For risk prediction of MACE incidence and its subcomponents, ischemic stroke, myocardial infarction, and cardiovascular death, we utilized the healthy cohort excluding the training set plus the participants without prevalent stroke and coronary artery disease at enrollment. In this cohort, the associations between PPS_BMI_, PPS_BFP_, and PPS_WHR_ and outcomes were estimated using Fine and Gray’s competing risk model, treating death as a competing risk [15]. Three models with hierarchical adjustment were adopted: Model 1 adjusted for age, sex, and race (white vs. other); Model 2 adjusted for the measured obesity-related phenotype (BMI, BFP, or WHR) in addition to Model 1; Model 3 adjusted for additional risk factors in the PREVENT equation [16], including total cholesterol, HDL-C, systolic blood pressure, eGFR, diabetes, current smoking, blood-pressure-lowering medication use, and cholesterol-lowering medication use, in addition to Model 2. The analyses were conducted in the overall cohort and sex-stratified groups.
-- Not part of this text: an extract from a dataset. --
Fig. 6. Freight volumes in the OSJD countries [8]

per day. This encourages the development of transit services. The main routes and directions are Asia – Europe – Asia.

Sex interaction with the protein scores was tested using Model 3. Additionally, a sensitivity analysis was performed after excluding 3736 individuals with prevalent cancer.
C statistics were calculated to evaluate the performance of the protein scores in predicting MACEs using the R package survC1 [17]. Each protein score was evaluated individually and together, in both an unadjusted model and a model adjusted for age, sex, and current smoking. C statistics were also calculated for the PREVENT equation model [16] to compare the predictive performance.
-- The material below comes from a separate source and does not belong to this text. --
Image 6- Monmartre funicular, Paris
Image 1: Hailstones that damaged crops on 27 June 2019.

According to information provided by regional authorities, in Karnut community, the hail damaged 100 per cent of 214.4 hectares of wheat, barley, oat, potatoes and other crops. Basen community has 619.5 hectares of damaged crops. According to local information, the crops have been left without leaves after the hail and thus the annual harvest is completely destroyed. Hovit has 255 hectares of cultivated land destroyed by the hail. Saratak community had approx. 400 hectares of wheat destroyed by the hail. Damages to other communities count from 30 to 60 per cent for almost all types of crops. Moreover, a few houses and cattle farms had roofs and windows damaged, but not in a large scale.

The overall study workflow is shown in Supplemental Figure S1. All data analyses were conducted using R version 4.4.0. Statistical significance was based on p values < 0.05. The codes used for data analysis are available at https://github.com/Sun-Epi3-Lab (accessed on 25 September 2025).
3. Results
Among 40,651 participants with proteomic data, a total of 4071 (10.0%) developed incident MACEs over a median follow-up of 14.5 (interquartile range 13.7–15.2) years, including 781 (19.2%) incident ischemic stroke, 3096 (76.1%) MI, and 978 (24.0%) cardiovascular death events, as shown in Table 1. After Bonferroni correction (p < 0.0025, 0.05 divided by 20 independent tests), participants with incident MACEs were older, more likely to be male, and had a higher prevalence of cardiovascular risk factors compared with the cohort without MACEs, with the exception of total cholesterol, as shown in Table 1. In the analysis of obesity-related phenotypes stratified by sex, participants who developed MACEs had higher BMI, BFP, and WHR compared to participants without MACEs among men and women, as shown in Table 2.
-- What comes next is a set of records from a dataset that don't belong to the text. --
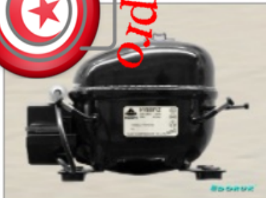
AE 1370 Y
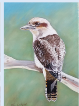
"Kookaburra" Showing various progression stages in Pastel (P.S. Hopefully you saw the final one at our Art Exhibition in May?)
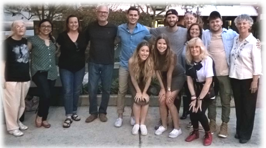
Joined by many
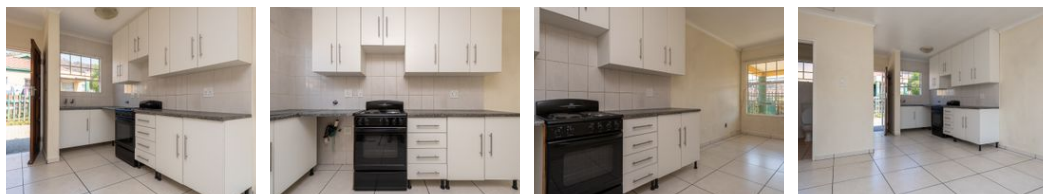
Web Ref DPR517
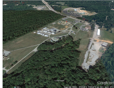
Google Earth 3D Image

Property Size Acres 80.57 acres GPS Coordinates 37.403100, -77.563341 Number of sites in Parcel 2 Annual Energy Usage (Parcel) 2,094,993 kWh Utility Provider Dominion

Based on the comparison of R^2^ values assessing the prediction performance of PPS_BMI_, PPS_BFP_, and PPS_WHR_ across various sample sizes within the training set, we observed a consistent improvement in R^2^ from 10% to 50% of the sample size in the healthy cohort. The performance remained stable for 50% to 90% of the sample size. Since there was no meaningful difference in performance between the 50% and 90% sample sizes among the healthy cohort, we chose to use 50% of the total healthy cohort (N = 7826) as the final training set for fitting LASSO to conduct protein selection for each obesity-related phenotype, as shown in Supplemental Figure S2 and Supplemental Table S1. Then, we randomly divided the healthy cohort into two subsets, a training set and a test set, each comprising 7826 participants.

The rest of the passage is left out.